Early findings show the drug helps build connections between nerve cells. It’s not yet available for humans, but it shows potential.

July 16, 2018 Emily Gersema

A new drug to repair damaged ear cells could help millions of people struggling with hearing loss, if scientists at the USC Michelson Center for Convergent Bioscience and Harvard University have their way.

Until now, scientists trying to use drugs as a hearing loss treatment have run into a big challenge. Fluid constantly flows into the inner ear to sweep away debris — including any dissolved drugs, says Charles McKenna, director of the USC Michelson Center’s Core Center of Excellence for Drug Discovery.

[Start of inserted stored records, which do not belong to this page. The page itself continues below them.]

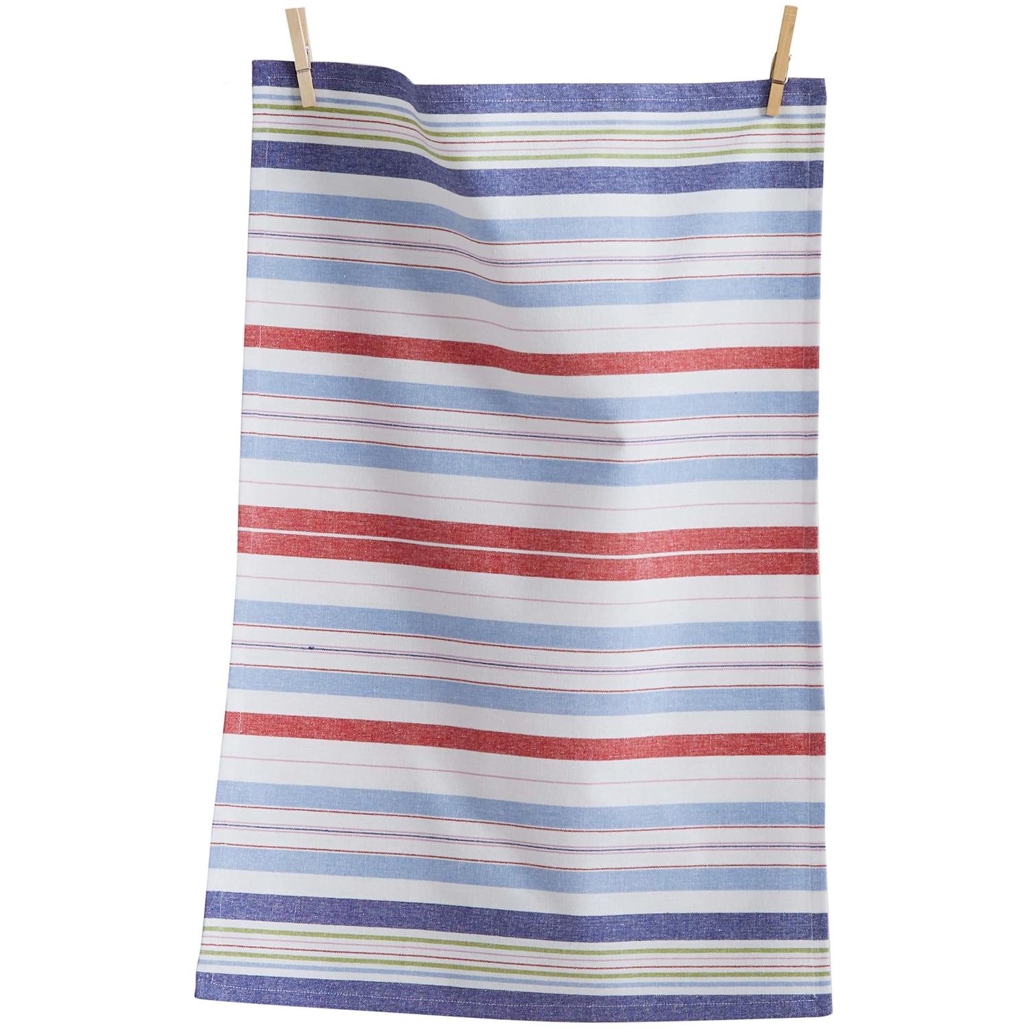 Two 100% cotton towels, one hand-screen-printed on a satin weave, the other featuring yarn-dyed woven stripes, and both measuring 18” x 26”. Machine wash cold, tumble dry low.
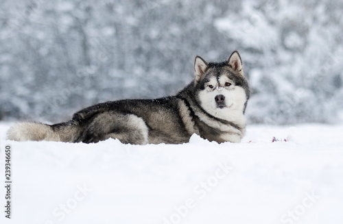 © Happy monkey, Fototapeta premium dog on a winter walk in the snow
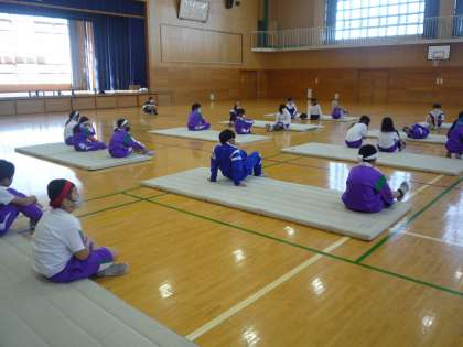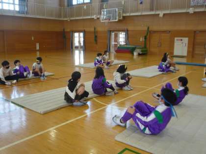 スポーツ指導員の方に、マット運動を指導していただきました。丁寧に分かりやすく教えていただき、子供たちから「後転ができるようになった」「側転のコツが分かった」と喜びの声があがっていました。

McKenna and his colleagues, though, recently published a study on their promising efforts to create the new hearing loss treatment.

“We figured out how to deliver a drug into the inner ear so it actually stays put and does what it’s supposed to do, and that’s novel,” McKenna says. “This is a first for hearing loss and the ear. It’s also important because it may be adaptable for other drugs that need to be applied within the inner ear.”

McKenna, a professor at the USC Dornsife College of Letters, Arts and Sciences, studies bisphosphonates, a class of drugs that adhere to bony surfaces and have been used to slow bone loss.

To address hearing loss, McKenna and his Harvard collaborators combined a bisphosphonate with another important small molecule called 7,8-dihydroxyflavone. The resulting molecule mimics a protein that’s critical for the development and function of the nervous system.

Lab tests using inner ear tissues from a mouse showed that the combined molecule appeared to stimulate the growth of connections between neurons, or nerve cells. It also repaired the hair-like sensory cells and neurons that are necessary for hearing.

The next step, McKenna says, is to prove this potential drug is successful in additional animal studies in the lab. If these studies go well, it will move on to trials in humans.